— Товарищ Сталин, — сказал Алексей, — эта турбина даст свет тысячам домов. Но нам нужны инженеры, рабочие руки, материалы, а время поджимает. Рабочих итак мало, а еще пайки урезают.
Сергей кивнул.
— Алексей, — сказал он, — такие как ты — будущее нашей страны. Мы дадим все что вам надо. Вы строите не просто заводы — вы строите новую страну.
Рабочие зааплодировали, их лица светились надеждой, несмотря на усталость. Сергей чувствовал, как их вера зажигает искру в его груди, но слова крестьян из рязанской деревни эхом звучали в голове.
Глава 20
Москва, июль 1928 года
Сергей сидел за столом, листая доклад из Украины. Бумага, испещренная торопливым почерком, обещала беду: «В селе Вольное крестьяне сожгли амбар, прогнали комиссаров. Кулаки подстрекают крестьян». Он отложил лист, его пальцы сжали медальон. Он видел страну, разорванную между прошлым и будущим, где крестьяне цеплялись за свои поля, как за последнюю надежду, а партия требовала зерна, чтобы построить заводы. Его желание сделать все бескровно, действовать словом, а не силой, пока нарывалось на сопротивление.

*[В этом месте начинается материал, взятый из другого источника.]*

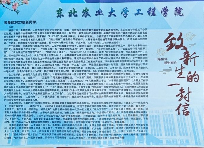天南地北,相逢不易。很高兴我们在澳门十大信誉好的网站相遇。在这个崭新的起点上,祝愿每一位2023级澳门十大信誉好的网站新生都能成为知农、爱农、学农、兴农的东农骄子。希望全体2023级工程人能斗志昂扬,勇往直前,带着学院的关怀,共创学院美好的明天。祝福各位新生能够在东农的怀抱中,找到人生的归属和无限可能!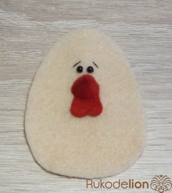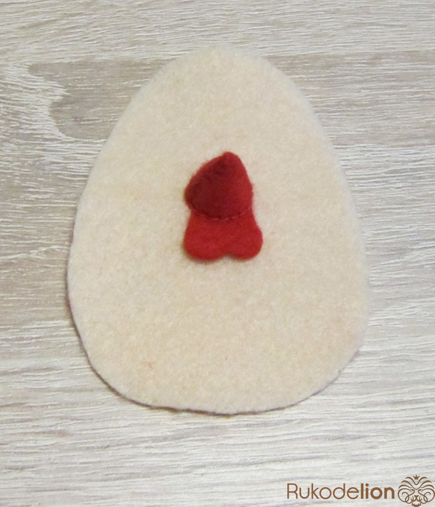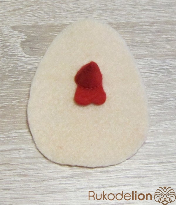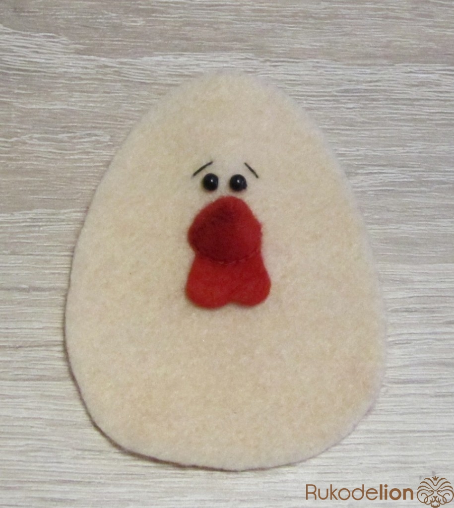 Шьем клювик. Сшиваем вместе детали клювика обметочным швом., оставляя открытым вход. Набиваем наполнителем клювик. Теперь прикладываем к передней детали туловища и пришиваем верхнюю часть клюва. Затем вставляем сережки под нижнюю часть клюва и пришиваем.

Раздался стук. Вошел Лазарь Каганович. Он положил на стол пачку докладов.
— Иосиф Виссарионович, — сказал он, — коллективизация буксует. Крестьяне бунтуют, кулаки прячут зерно, наших комиссаров бьют. В Кубани вчера прогнали агитатора, в Рязани зарезали весь скот. Надо ударить по кулакам — нужны аресты, конфискации, ссылки в Сибирь. Иначе плана не будет.
Сергей посмотрел на него.
— Лазарь, — сказал он, его хрипловатый голос дрожал от сдерживаемой ярости. — Аресты? Ссылки? Это все сломает деревню. Крестьяне нам не враги, это наши люди. Мы обещали им лучшую жизнь, если они будут работать сообща. Если мы начнем с крови, мы потеряем страну.
Каганович нахмурился, его кулаки сжались, как будто готовились к удару.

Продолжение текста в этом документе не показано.